Given a function $f:E\subseteq \mathbb{R} \to \mathbb{R}$ and finite (see edit) collection $\{E_k\} \subseteq E$ of disjoint sets and $d(E_n,E_m)>0 \forall n \neq m$, and $f|_{E_k}$ is constant. Then $f|_{\cup E_k}$ is continuous.
This fact is used in the proof of Lusin's theorem, but I can't see why $f$ must be continuous on the whole union. I would like an explanation of this step on the proof (I would be specially happy if presented a $\epsilon-\delta$ proof of this continuity, because this is what I'm more confortable with)
The whole proof can be found here.
Edit: I don't know if this edit is under the rules of math.stackexchange, but since it was pointed out in the answer, I wrote countable collection instead of finite collection, which is what I aimed for explanation on what I did not understood, so I edited the question to finite collection, because I still wnat to see an explanation of it and it doesn't feel right to create a new question about this.
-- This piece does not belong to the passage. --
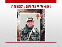 БОЛЬШАКОВ АЛЕКСЕЙ ЕВГЕНЬЕВИЧ, 1982 года рождения. В нашей школе учился с первого по восьмой класс. Его характер был упрямым и справедливым, что делало его хорошим товарищем. Сослуживцы вспоминают его как отчаянного человека, который всегда готов был прийти на помощь. После получения повестки, не раздумывая отправился в военкомат, считая своим долгом защищать Россию. 8 октября 2022 года мужчина отправился в зону проведения специальной военной операции. К сожалению, 11 сентября 2023 года его жизнь трагически оборвалась. Алексей погиб, пытаясь вытащить из окопа и спасти раненого товарища. Он был иссечён осколками от сброшенного взрывного устройства и скончался от сильной кровопотери. Этот подвиг стал символом его мужества и самоотверженности. За свои подвиги Алексей был награжден медалью "За воинскую доблесть" 2 степени и "Орденом Мужества". Он оставил после себя светлую память и мечты о будущем для своего сына, которого хотел вырастить достойным человеком.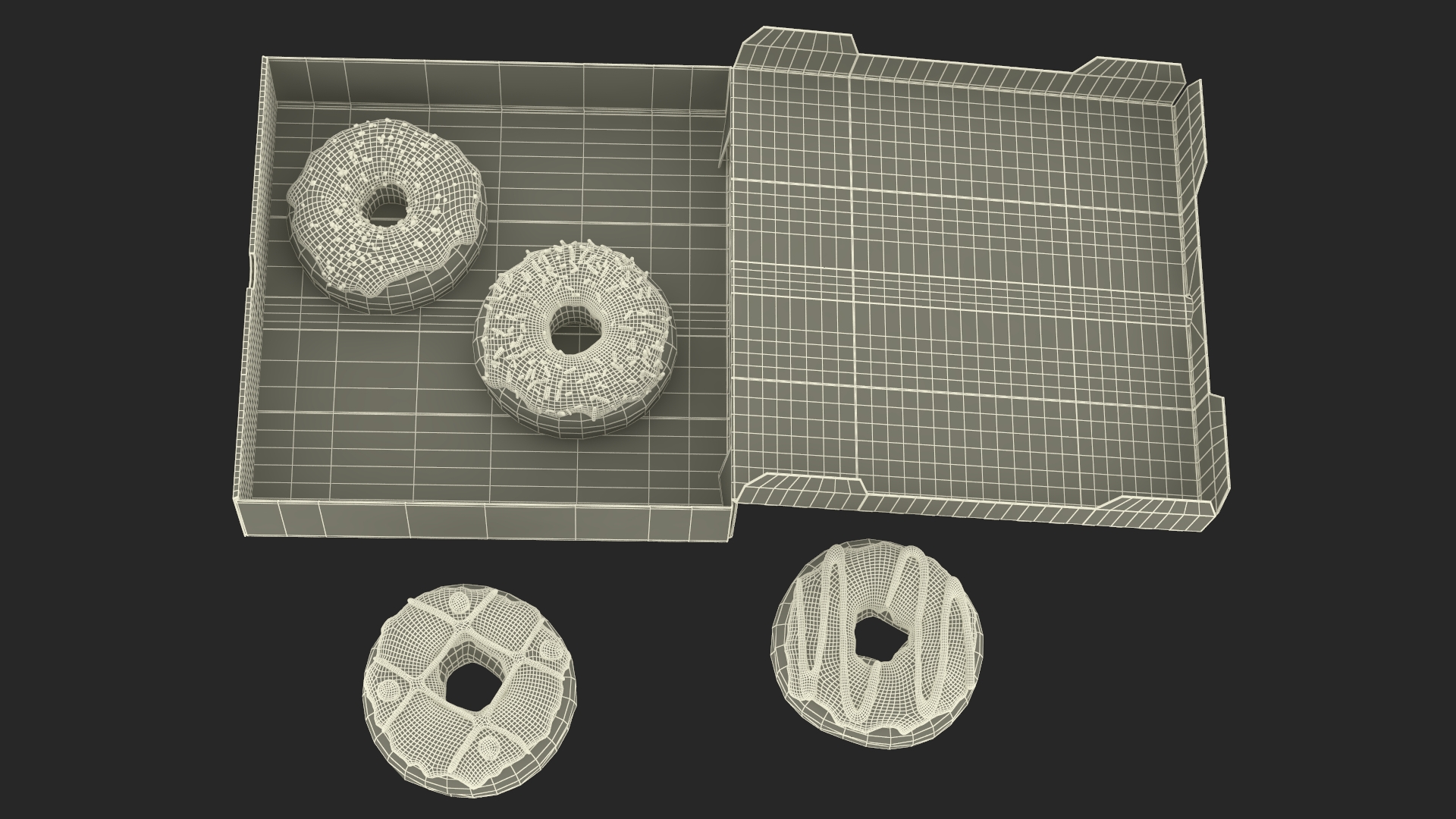 Assorted Donuts in Cardboard Box Mockup is a high quality, photo real 3d model that will enhance detail and realism to any of your rendering projects. The model has a fully textured, detailed design that allows for close-up renders, and was originally modeled in 3ds Max 2020 and rendered with V-Ray. Renders have no postprocessing!

If this edit is not under the rules, please forgive me and feel free to unedit.
The result is false as you have stated it.
Let $E_0=\{0\}$, for $n\in\Bbb Z^+$ let $E_n=\left\{\frac1n\right\}$; clearly $d(E_n,E_m)>0$ whenever $n\ne m$. Let $E=\bigcup_{n\ge 0}E_n$, and define
$$f:E\to\Bbb R:x\mapsto\begin{cases} x,&\text{if }x\in E\setminus E_0\\ 1,&\text{if }x=0\,. \end{cases}$$
Clearly $f$ is constant on each $E_n$, but $f$ is not continuous at $0$.